## Your instructions
The whole listing, please: repeat it exactly, with the pictures left out.

## Available data
+ + + +

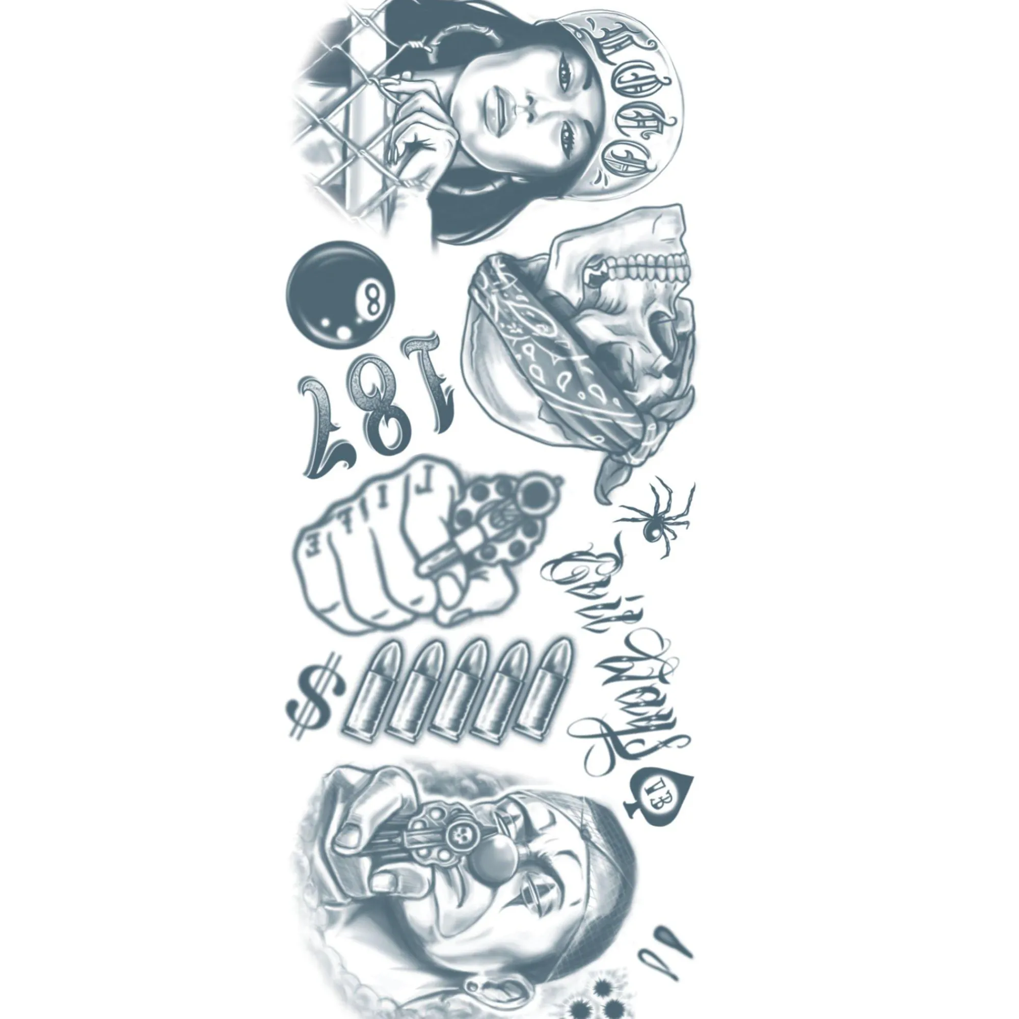 Add To Your Costume With This Set Of Classic Black And Gray-Style Temporary Tattoos. The Sheet Features Designs Like An Eight Ball, Spider, Skull, Tear Drops, And More.
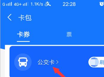 2. 在打开的卡包页面,点击公交卡选项
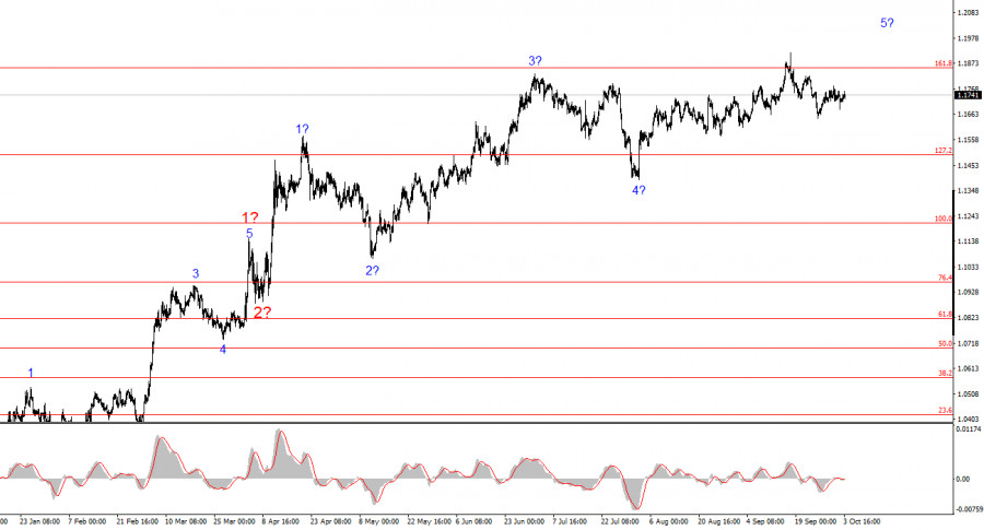 Построение повышательного участка тренда продолжается, а новостной фон продолжает поддерживать по большей части не доллар. Торговая война, начатая Дональдом Трампом, продолжается. Противостояние с ФРС продолжается. «Голубиные» ожидания рынка по ставке ФРС растут. В Америке начался «шатдаун». Рынок крайне невысоко оценивает результаты первых 7-8 месяцев Дональда Трампа, хоть экономический рост во втором квартале и составил почти 4%.

+ + + +

## Output below
 Add To Your Costume With This Set Of Classic Black And Gray-Style Temporary Tattoos. The Sheet Features Designs Like An Eight Ball, Spider, Skull, Tear Drops, And More.
 2. 在打开的卡包页面,点击公交卡选项
 Построение повышательного участка тренда продолжается, а новостной фон продолжает поддерживать по большей части не доллар. Торговая война, начатая Дональдом Трампом, продолжается. Противостояние с ФРС продолжается. «Голубиные» ожидания рынка по ставке ФРС растут. В Америке начался «шатдаун». Рынок крайне невысоко оценивает результаты первых 7-8 месяцев Дональда Трампа, хоть экономический рост во втором квартале и составил почти 4%.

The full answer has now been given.